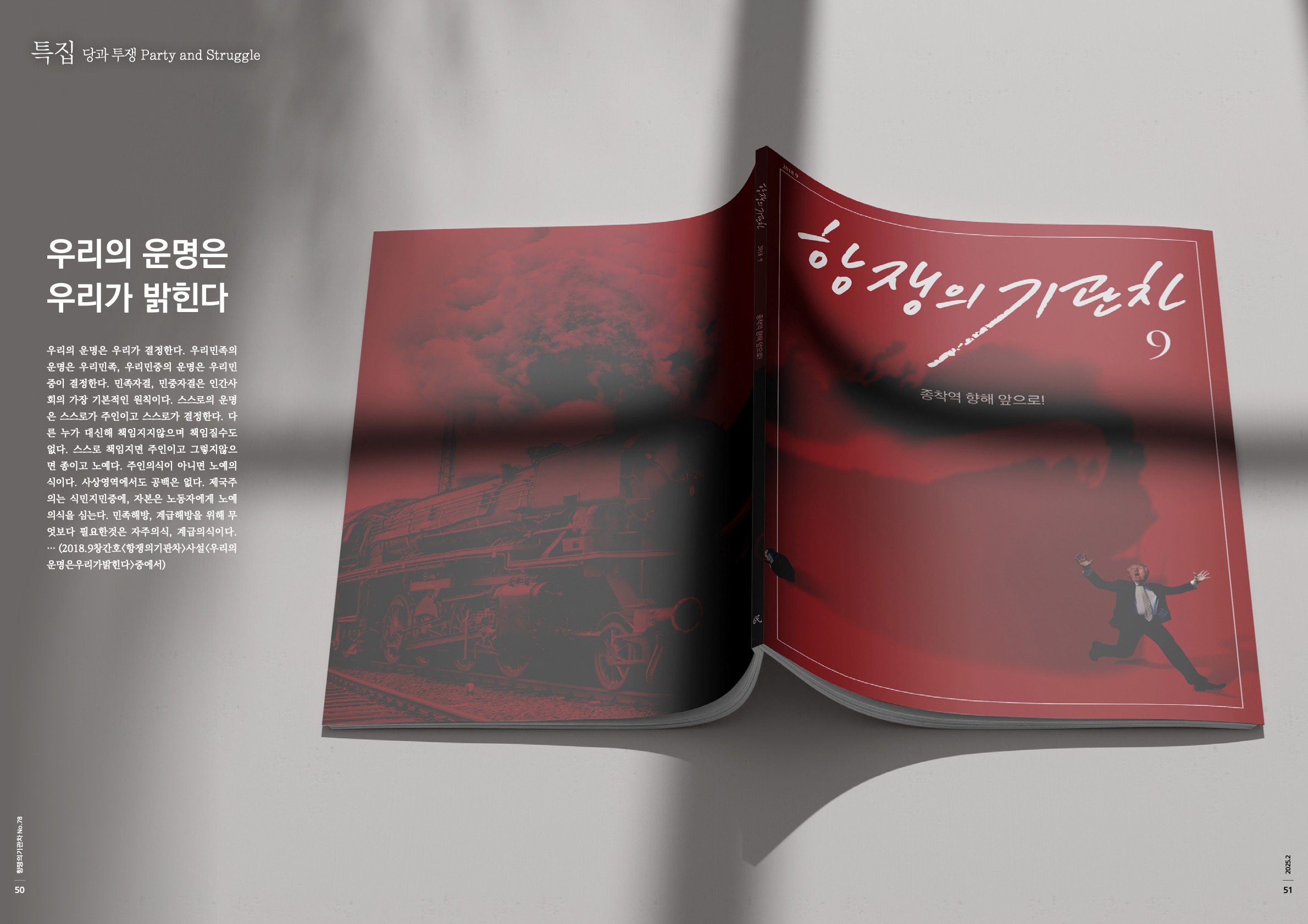 우리의 운명은 우리가 결정한다. 우리민족의 운명은 우리민족, 우리민중의 운명은 우리민중이 결정한다. 민족자결, 민중자결은 인간사회의 가장 기본적인 원칙이다. 스스로의 운명은 스스로가 주인이고 스스로가 결정한다. 다른 누가 대신해 책임지지않으며 책임질수도 없다. 스스로 책임지면 주인이고 그렇지않으면 종이고 노예다. 주인의식이 아니면 노예의식이다. 사상영역에서도 공백은 없다. 제국주의는 식민지민중에, 자본은 노동자에게 노예의식을 심는다. 민족해방, 계급해방을 위해 무엇보다 필요한것은 자주의식, 계급의식이다. … (2018.9창간호<항쟁의기관차>사설<우리의운명은우리가밝힌다>중에서)
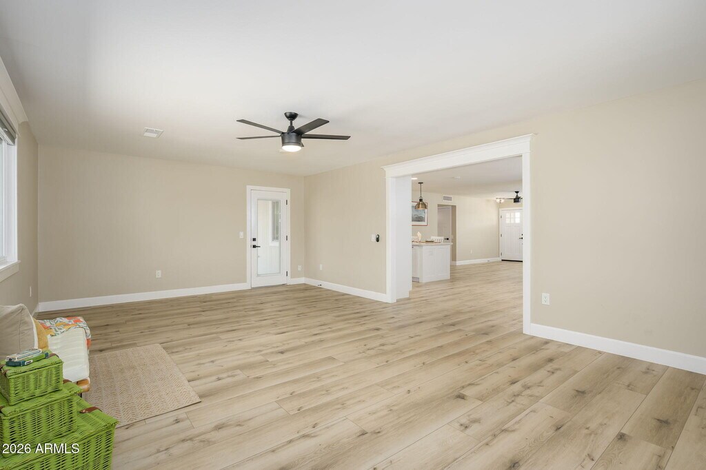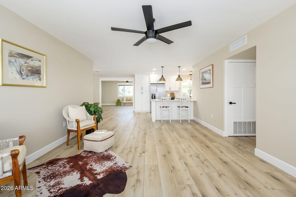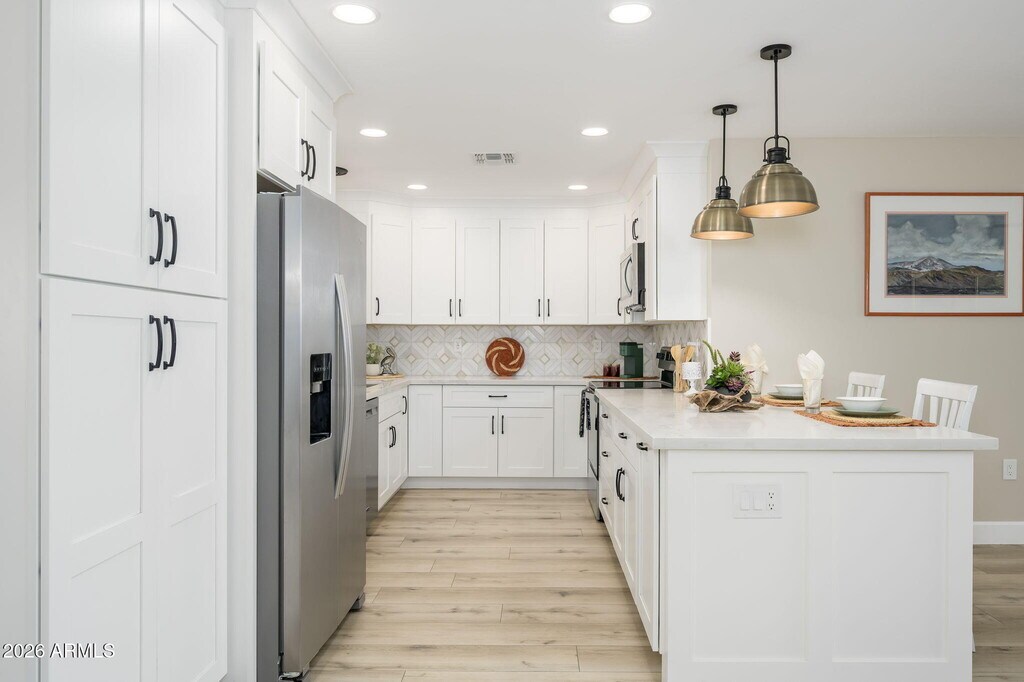 This beautifully remodeled Sun City homewinner of two Best of Tour awardsis now available for rent,offered either unfurnished or furnished upon request. The 3‑bed,2‑bath layout features a modern open floor plan with designer finishes,including a stunning kitchen with custom shaker soft‑close cabinetry,quartz countertops,bronze pendant lighting,a custom backsplash,and new stainless steel appliances. Both bathrooms have been fully renovated with luxury walk‑in tile showers.
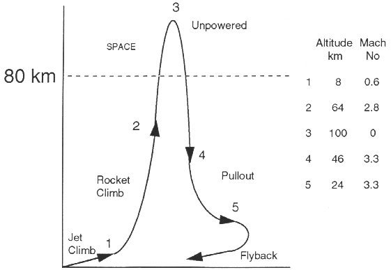 A typical trajectory is shown in fig. 3. Ascender takes off from a conventional runway and climbs on jet power at subsonic speed to an altitude of 8 km. The rocket motor is then started and the pilot pulls up into a near vertical climb. When the rocket fuel is used up, Ascender is climbing close to the vertical at a height of 64 km and a speed of Mach 2.8. It then coasts on an unpowered ballistic trajectory (i.e. zoom climb) to a maximum height of 100 km and then enters a steep dive. On reaching the effective atmosphere the pilot pulls out of the dive and flies back to the airfield from which he took off some 30 minutes previously. It would offer about two minutes of microgravity, and would fly high enough for superb views of the Earth and for the sky to turn black with bright stars even in daytime.

Instructions to follow:
Each line, from the beginning of the listing to the line bearing "This beautifully remodeled" inclusive, should be copied exactly; the pictures stay out.

Result of this task:
 우리의 운명은 우리가 결정한다. 우리민족의 운명은 우리민족, 우리민중의 운명은 우리민중이 결정한다. 민족자결, 민중자결은 인간사회의 가장 기본적인 원칙이다. 스스로의 운명은 스스로가 주인이고 스스로가 결정한다. 다른 누가 대신해 책임지지않으며 책임질수도 없다. 스스로 책임지면 주인이고 그렇지않으면 종이고 노예다. 주인의식이 아니면 노예의식이다. 사상영역에서도 공백은 없다. 제국주의는 식민지민중에, 자본은 노동자에게 노예의식을 심는다. 민족해방, 계급해방을 위해 무엇보다 필요한것은 자주의식, 계급의식이다. … (2018.9창간호<항쟁의기관차>사설<우리의운명은우리가밝힌다>중에서)
 This beautifully remodeled Sun City homewinner of two Best of Tour awardsis now available for rent,offered either unfurnished or furnished upon request. The 3‑bed,2‑bath layout features a modern open floor plan with designer finishes,including a stunning kitchen with custom shaker soft‑close cabinetry,quartz countertops,bronze pendant lighting,a custom backsplash,and new stainless steel appliances. Both bathrooms have been fully renovated with luxury walk‑in tile showers.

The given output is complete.